# Logitech mouse not working



## nvielbig (Oct 31, 2011)

Hello,

I have a Logitech mouse wireless mouse that I bought about a year ago. My laptop is having troubles with it lately, which is a new issue. I am getting the error "USB not recognized... blah blah". I put new batteries in the mouse , and tried it on another computer... works fine :\. 

Also, I tried "windows troubleshooter" for my 'unknown device :xolconfus' and it said the driver that I have is the most up to date driver for 'unknown device'. 

What is my next step?


Thanks,
Nick


----------



## nvielbig (Oct 31, 2011)

Anyone? T_T


----------



## gcavan (Aug 13, 2009)

Are other USB mice recognized by your computer? What about other USB devices? in all ports?

PS: are you using a hub or connecting direct to the PC?


----------



## nvielbig (Oct 31, 2011)

gcavan, thanks for the reply. I'm about to head to bed, but in the morning I can check for you. 

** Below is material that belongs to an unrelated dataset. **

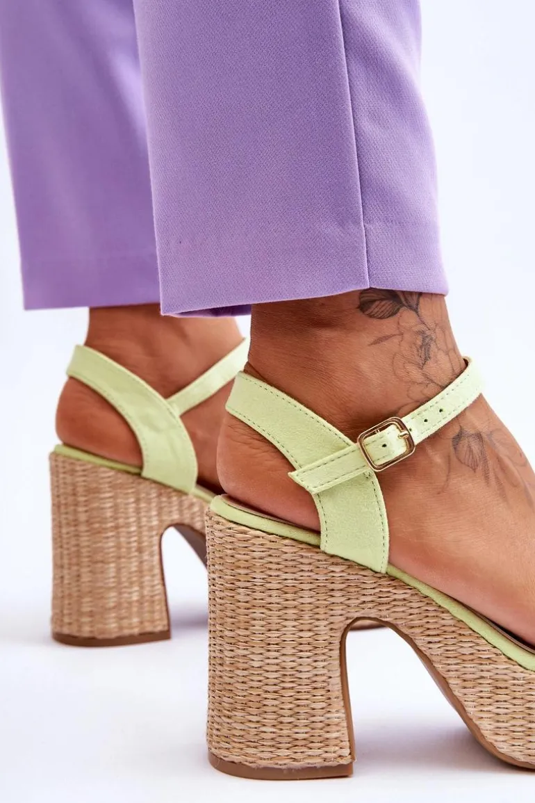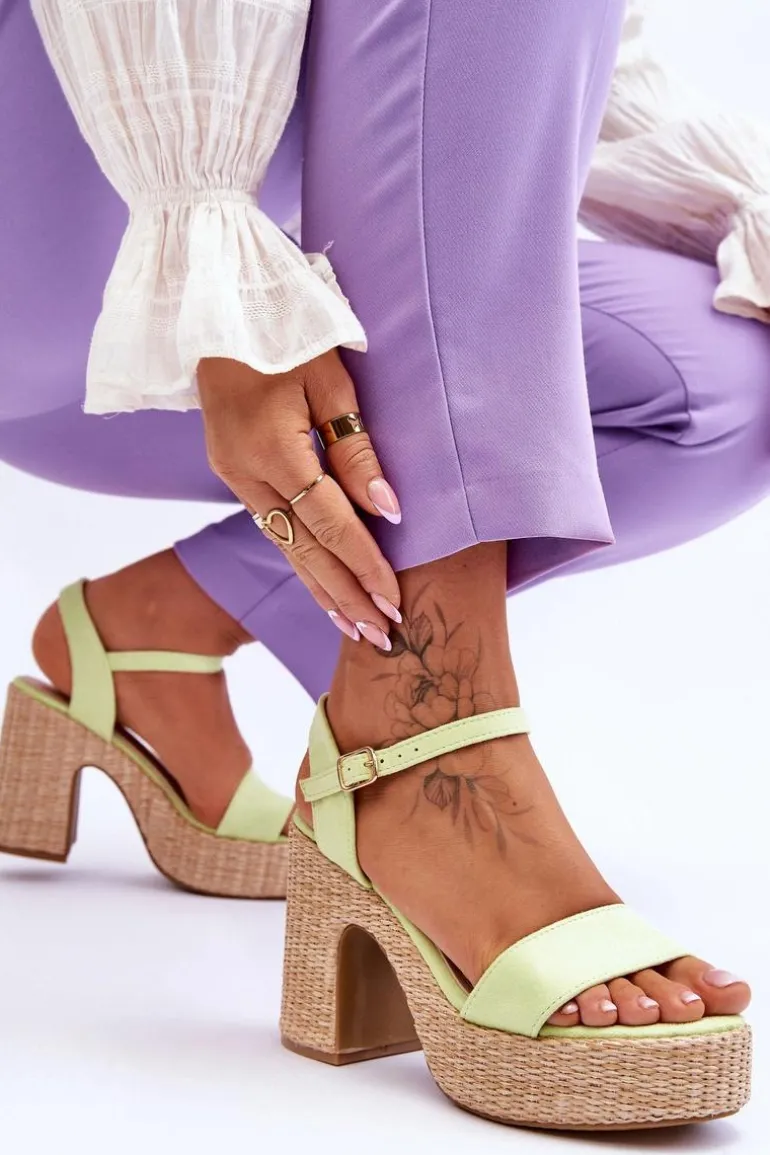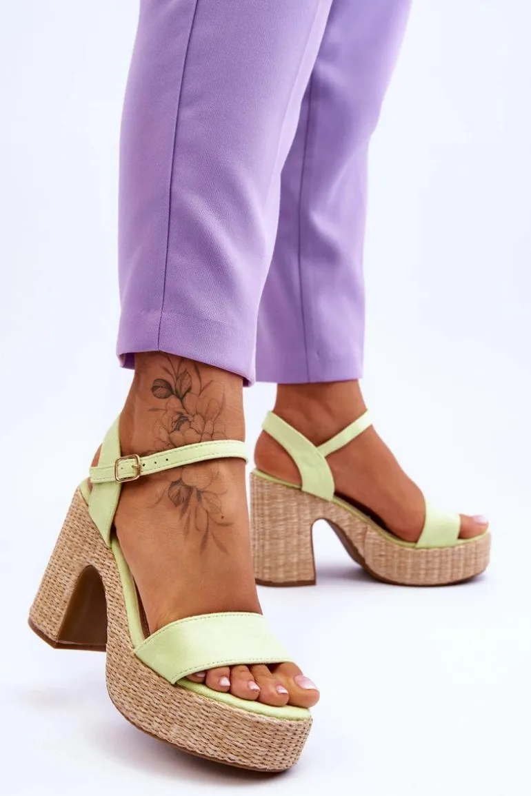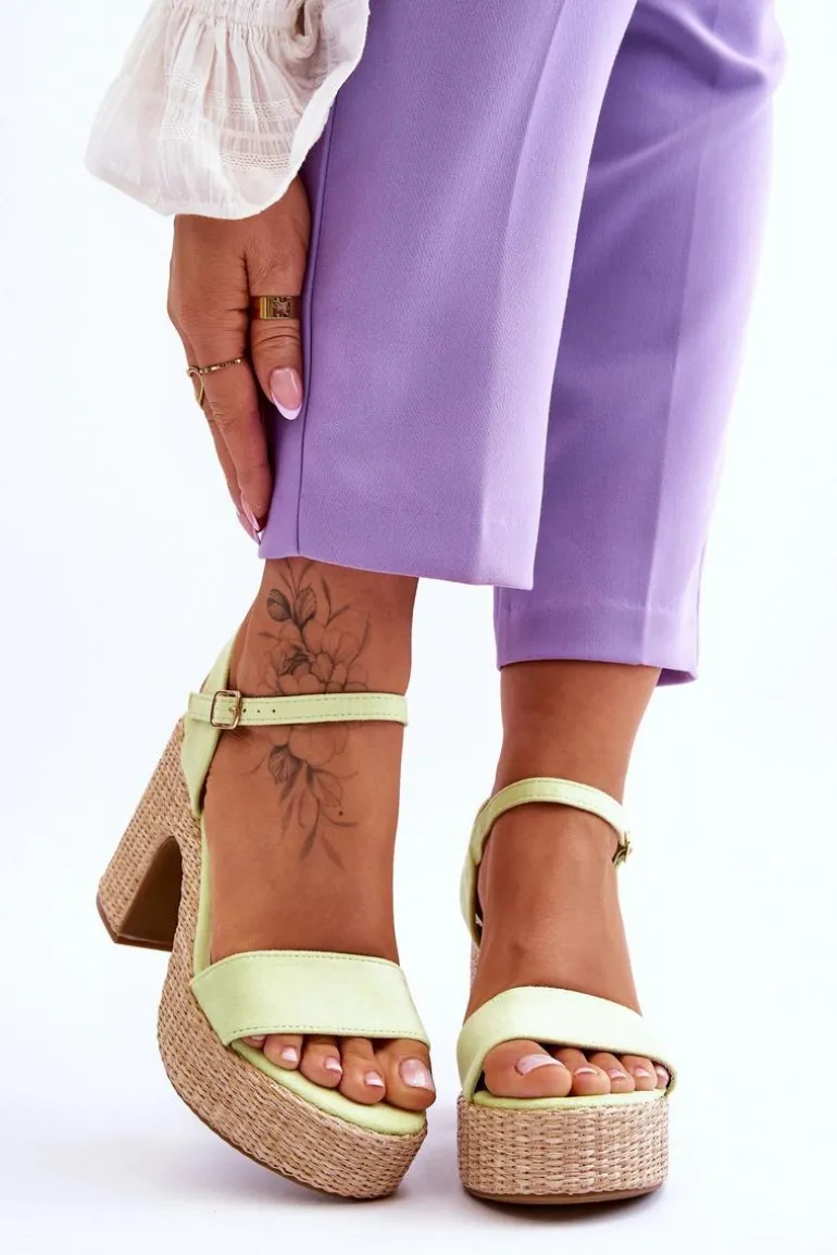Świetne sandałki na masywnym obcasie w postaci słupka oraz platformie. Wykonane z przyjemnej w dotyku ekologicznej skóry. Sandałki posiadają odkryty, zaokrąglony nosek. Zapinane wokół kostki na regulowany pasek ze sprzączką. Ten model z pewnością sprawdzi się w wielu stylizacjach! Przy wyborze rozmiaru prosimy sugerować się tabelą rozmiarów.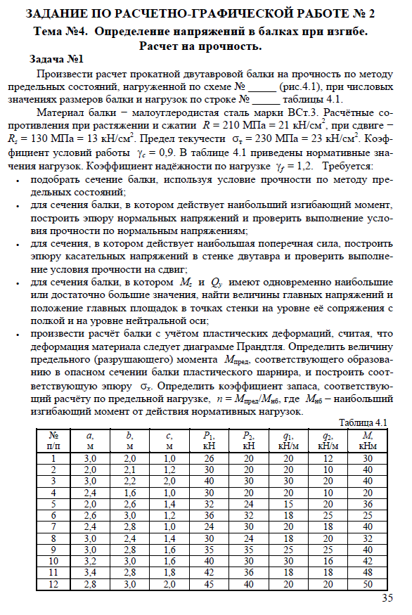 35 ЗАДАНИЕ ПО РАСЧЕТНО-ГРАФИЧЕСКОЙ РАБОТЕ № 2 Тема №4. Определение напряжений в балках при изгибе. Расчет на прочность. Задача №1 Произвести расчет прокатной двутавровой балки на прочность по методу предельных состояний, нагруженной по схеме № _____ (рис.4.1), при числовых значениях размеров балки и нагрузок по строке № _____ таблицы 4.1. Материал балки − малоуглеродистая сталь марки ВСт.3. Расчётные со-противления при растяжении и сжатии R = 210 МПа = 21 кН/см2, при сдвиге − Rs = 130 МПа = 13 кН/см2. Предел текучести т = 230 МПа = 23 кН/см2. Коэф-фициент условий работы с = 0,9. В таблице 4.1 приведены нормативные зна-чения нагрузок. Коэффициент надёжности по нагрузке f = 1,2.

I am not using a hub, I will check other USB's in the morning, but I have a feeling my USB ports are messed up, something I am unsure how to test/remedy.

-Nick


----------



## dai (Jul 2, 2004)

in the device manager click on view at the top and in the dropdown
show hidden devices
then uninstall all listed usb items
turn the computer off
unplug usb plugs
reboot twice
replug in the usb plugs


----------



## JimE (Apr 16, 2009)

You could also test the mouse on another PC. That will at least verify if the mouse is functional.


----------